Assuming complete dissociation of the solute, how many grams of KNO_3 must be added to 275mL of water to produce a solution that freezes at -14.5C? The freezing point for pure water is 0.0 C and K_f is equal to 1.86 C.

Delta T= Kf*m*i

i=2
m=3.90
solvent 275=.275L

Moles=1.07

Can anyone help plz? Stuck

moles = grams/molar mass

You have moles and molar mass.

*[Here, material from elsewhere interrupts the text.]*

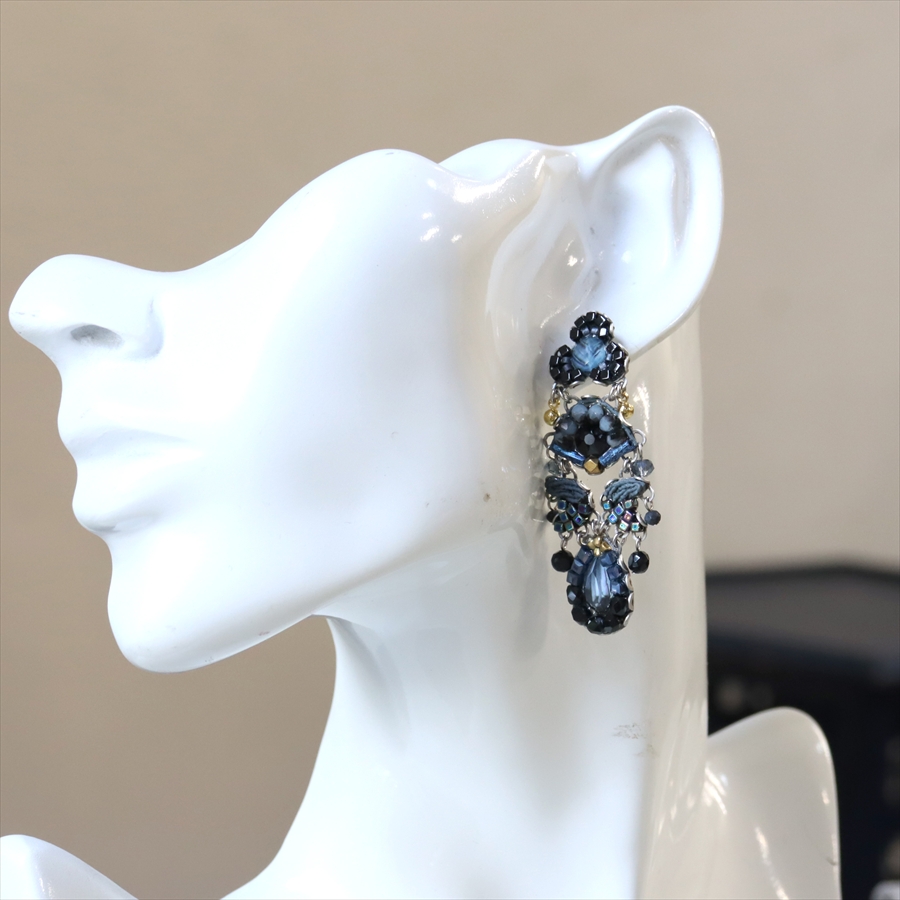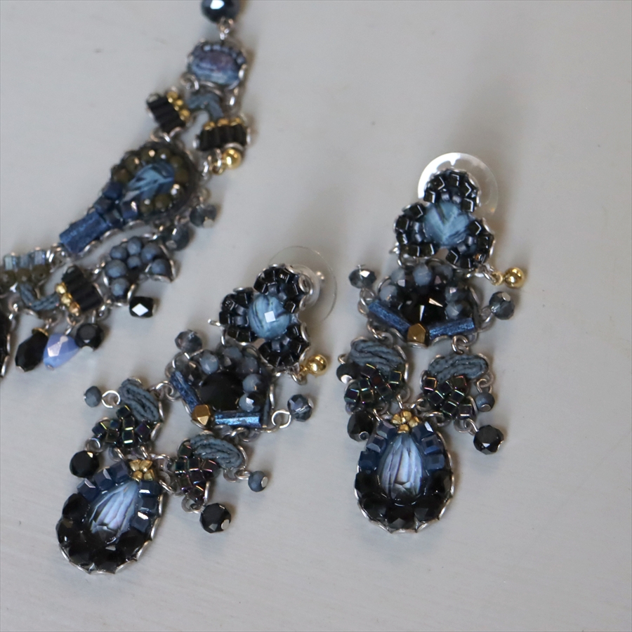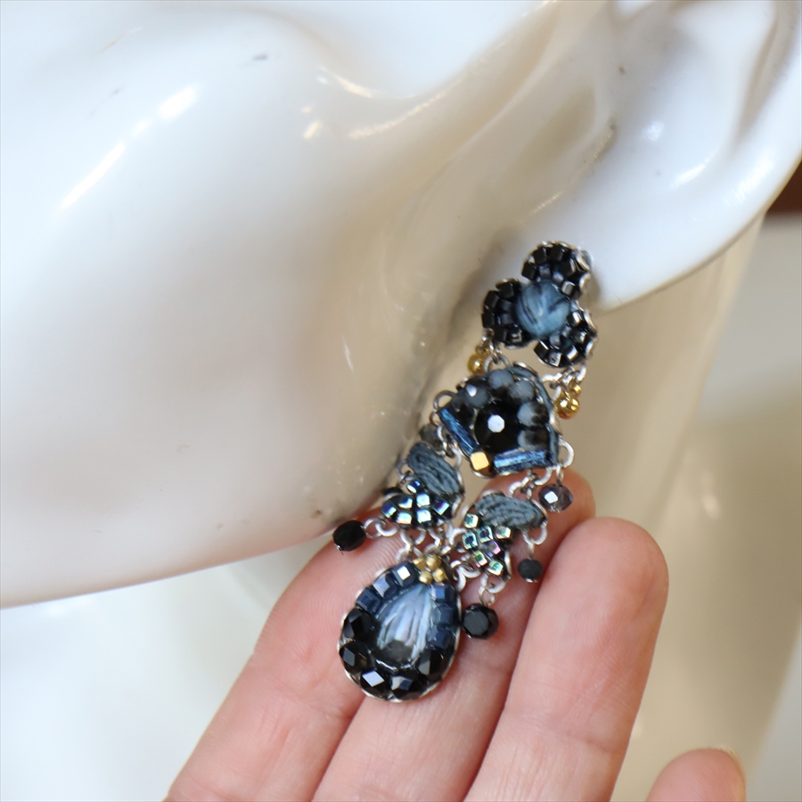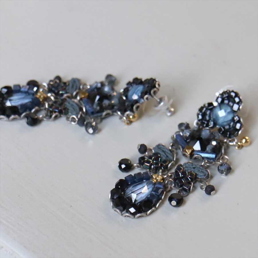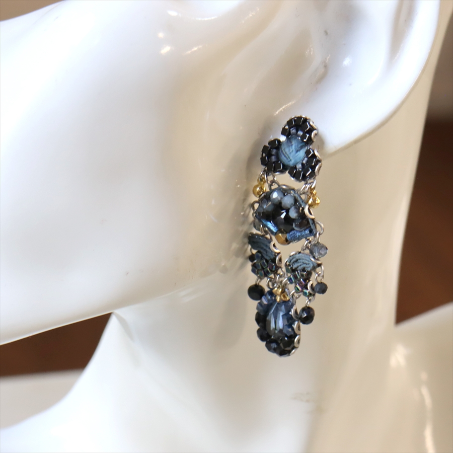 深い藍色の静かなる美しい孤高の世界観のIndigo Summitsという名のシリーズ。細やかなビーズで美しいブルーグラデーションが魅力のピアスです。

Calculate grams.

To solve this problem, you first need to calculate the moles of KNO3 required to produce the desired freezing point depression.

1. Calculate delta T (change in freezing point):
ΔT = -14.5°C - 0.0°C = -14.5°C

2. Calculate m (molality):
m = moles of solute / kilograms of solvent

Since you have the solvent volume in milliliters, convert it to liters:
275 mL = 0.275 L

Now substitute the values into the formula to find the molality:
m = 3.90 mol / 0.275 L = 14.18 mol/kg

3. Calculate the moles of KNO3 using the formula for molality:
m = moles of solute / kg of solvent

Rearrange the formula to solve for moles of solute:
moles of solute = m * kg of solvent

Since the solvent volume is given in liters, you need to convert it to kilograms:
0.275 L * 1 kg/L = 0.275 kg

Now substitute the values into the formula to find the moles of solute:
moles of solute = 14.18 mol/kg * 0.275 kg = 3.90 mol

So, you need 3.90 moles of KNO3 to produce the desired freezing point depression.

To find the mass of KNO3 required, you need to use its molar mass.

4. Find the molar mass of KNO3 (potassium nitrate):
KNO3 = 39.10 g/mol + 14.01 g/mol + (3 * 16.00 g/mol) = 101.10 g/mol

5. Calculate the mass of KNO3:
mass of KNO3 = moles of KNO3 * molar mass of KNO3

Substitute the values into the formula:
mass of KNO3 = 3.90 mol * 101.10 g/mol = 393.69 g

Therefore, you need to add approximately 393.69 grams of KNO3 to 275 mL of water to produce a solution that freezes at -14.5°C.